School Spotlight: Monroe Elementary
Every day, about 660 students in grades K-5 make their way to Monroe Elementary, a STEM school in Brooklyn Park.

"We have a nice diversity of cultures represented, and we're very proud of the fact that kids feel welcome here and staff enjoy working here," said Nathan Elliott, a literacy specialist at Monroe.

Those staff members teach kids to push themselves through struggles, because overcoming obstacles is part of the learning process.

"We have been working hard at 'growth mindset,' so we've been teaching kids that you need to push beyond what your normal is," said Lisa Silmser, a fifth-grade teacher. "You need to try to do something better than you did yesterday."

In order to do that, Monroe offers students a variety of hands-on learning activities.

"Yeah so in order for kids to learn best, they need to do the things that they're hearing about and seeing," Elliott said.

On a day when a CCX News reporter was in the building, the students participated in 'STEM electives,' where they could work on projects such as making snowmen out of foam balls, or concocting a Dr. Seuss-style goop, called an "oobleck," with corn starch and dish soap.

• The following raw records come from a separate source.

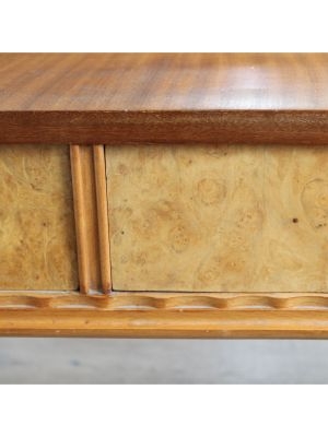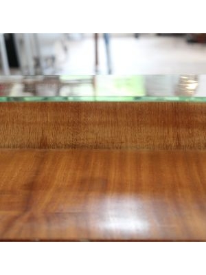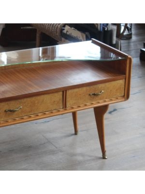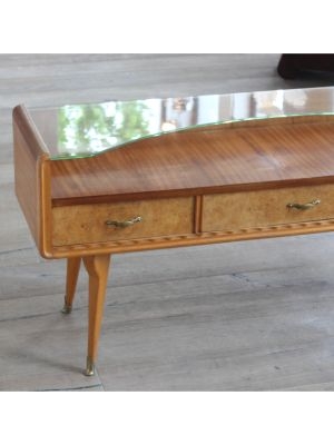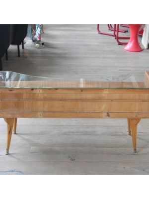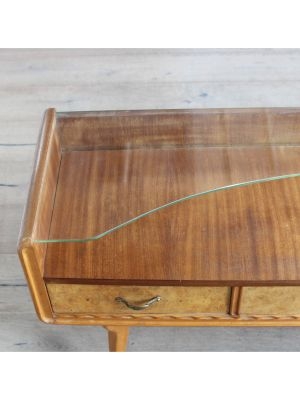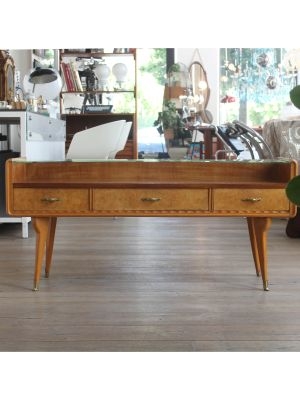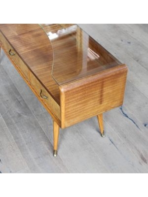 / Questa console bassa, unisce linee pulite e dettagli ricercati tipici del design anni 60. La struttura in legno biondo è arricchita da piccole cappette intarsiate alla base, mentre il piano in vetro sagomato, leggermente rialzato rispetto alla base, crea un vano elegante e funzionale, con un pizzico di teatralità, che in casa non guasta mai.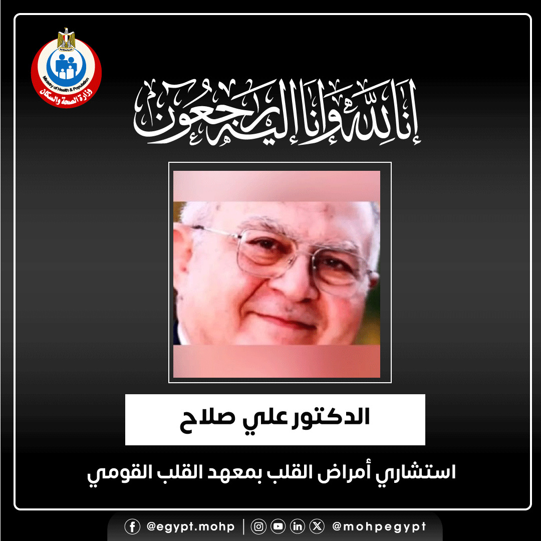 وكان الدكتور علي صلاح، قد توفي مساء أمس الجمعة، أثناء أداء واجبه المهني والإنساني، خلال مشاركته في بعثة رسمية إلى مستشفى العريش العام، حيث توفي إثر تعرضه لسكتة قلبية مفاجئة، عقب انتهائه من إجراء عملية قسطرة عاجلة لمريض مصاب بجلطة في القلب.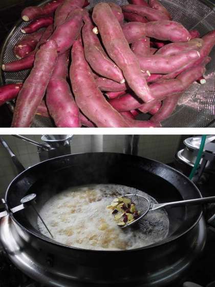 さつまいもを乱切りにして油で揚げ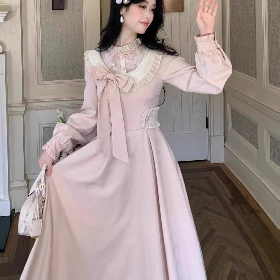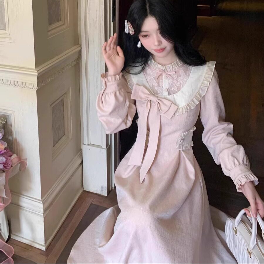 大码胖mm千金小香风蕾丝花边蝴蝶结粉色连衣裙女秋冬显瘦公主长裙
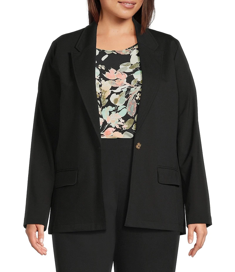 Investments Plus Size Performance Traveler Long Sleeve One Button Notch Lapel Blazer

"They're experimenting with the ingredients and seeing what's the perfect combination to make their oobleck work and not be too sticky," said Megan Crowley, a second-grade teacher.

The hope is that these experiences help the students develop an interest in STEM fields. And even if they don't, they're still learning the fundamentals of perseverance.

"Work at something, even if it's challenging," Silmser said.

To help prove that point, the students were given the task of trying to set a Guinness World Record with fidget spinners.

"We are simultaneously spinning fidget spinners for one minute, trying to get 650 kids to do it at the same time," Silmser said.

On Dec. 21, the day of the big event, the students received some inspiring words from one of their classmates who was hospitalized after having spinal surgery.

"He had his fidget spinner and he was practicing in his hospital bed," Silmser said, describing the video. "And he wanted to send his team, his school, a message of encouragement. And he said, 'come on, you can be amazing.' It was pretty inspiring."

With those encouraging words in mind, the entire student body packed into Monroe's gymnasium in an attempt to set that world record. Volunteers were armed with iPads to record the students. And when Silmser gave the signal, the students had their chance to make history.

They won't know the results of their record-breaking attempt for several weeks, but they did get an all-important lesson in perseverance.

"We'd love to have a symbol from Guinness that says we are officially amazing," Silmser said. "But we're probably amazing anyway."